-- Data records follows --

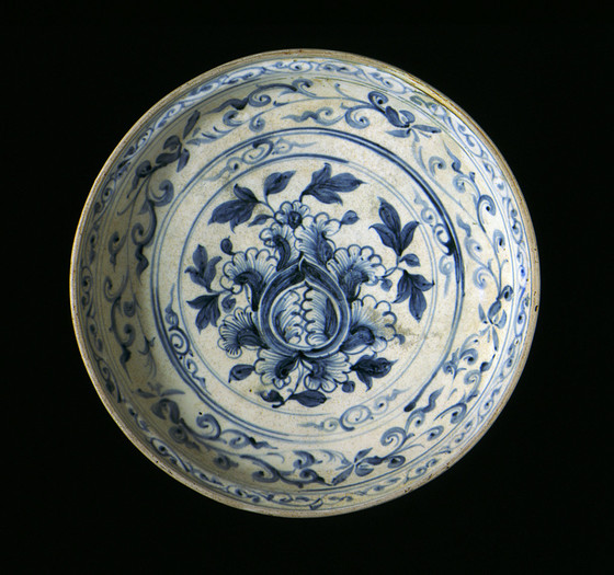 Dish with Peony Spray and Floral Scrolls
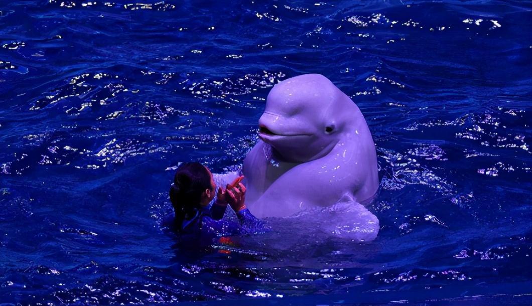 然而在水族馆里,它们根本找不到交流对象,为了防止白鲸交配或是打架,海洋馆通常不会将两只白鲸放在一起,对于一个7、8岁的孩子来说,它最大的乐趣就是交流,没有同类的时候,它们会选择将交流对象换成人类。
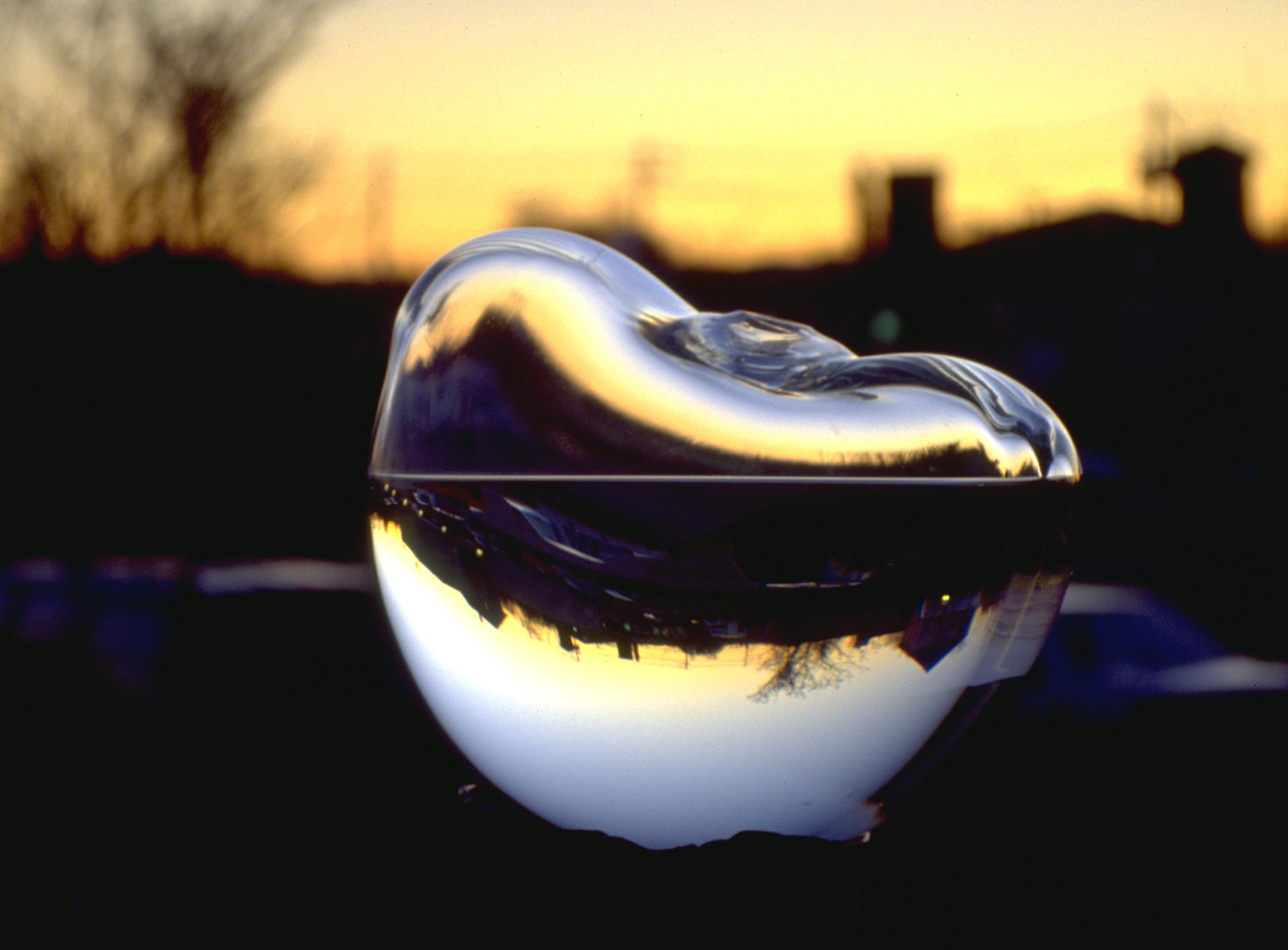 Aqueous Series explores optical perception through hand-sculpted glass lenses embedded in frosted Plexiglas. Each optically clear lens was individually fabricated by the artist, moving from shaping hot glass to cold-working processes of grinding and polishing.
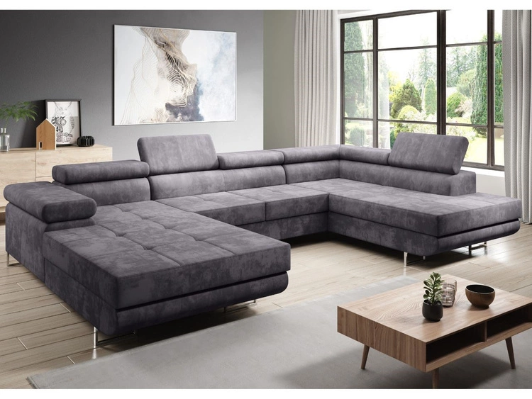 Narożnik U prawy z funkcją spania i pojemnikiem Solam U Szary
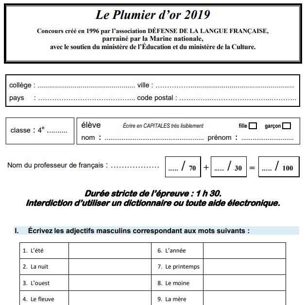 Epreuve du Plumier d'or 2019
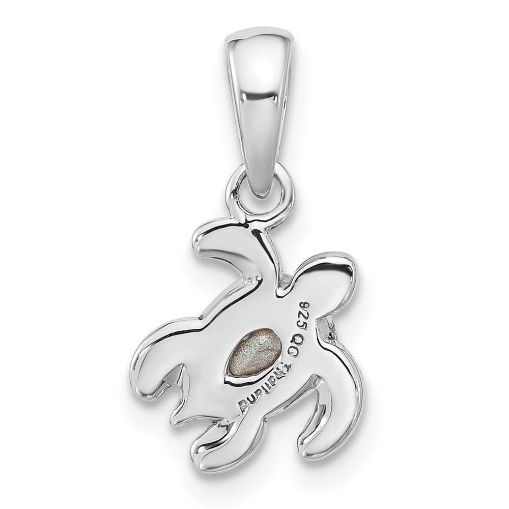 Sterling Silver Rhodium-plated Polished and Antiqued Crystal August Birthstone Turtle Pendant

-- Data records concluded --

**What the exercise asks**
Please write out the whole listing exactly, but not the pictures in it.

**Result for this task**
 Dish with Peony Spray and Floral Scrolls
 然而在水族馆里,它们根本找不到交流对象,为了防止白鲸交配或是打架,海洋馆通常不会将两只白鲸放在一起,对于一个7、8岁的孩子来说,它最大的乐趣就是交流,没有同类的时候,它们会选择将交流对象换成人类。
 Aqueous Series explores optical perception through hand-sculpted glass lenses embedded in frosted Plexiglas. Each optically clear lens was individually fabricated by the artist, moving from shaping hot glass to cold-working processes of grinding and polishing.
 Narożnik U prawy z funkcją spania i pojemnikiem Solam U Szary
 Epreuve du Plumier d'or 2019
 Sterling Silver Rhodium-plated Polished and Antiqued Crystal August Birthstone Turtle Pendant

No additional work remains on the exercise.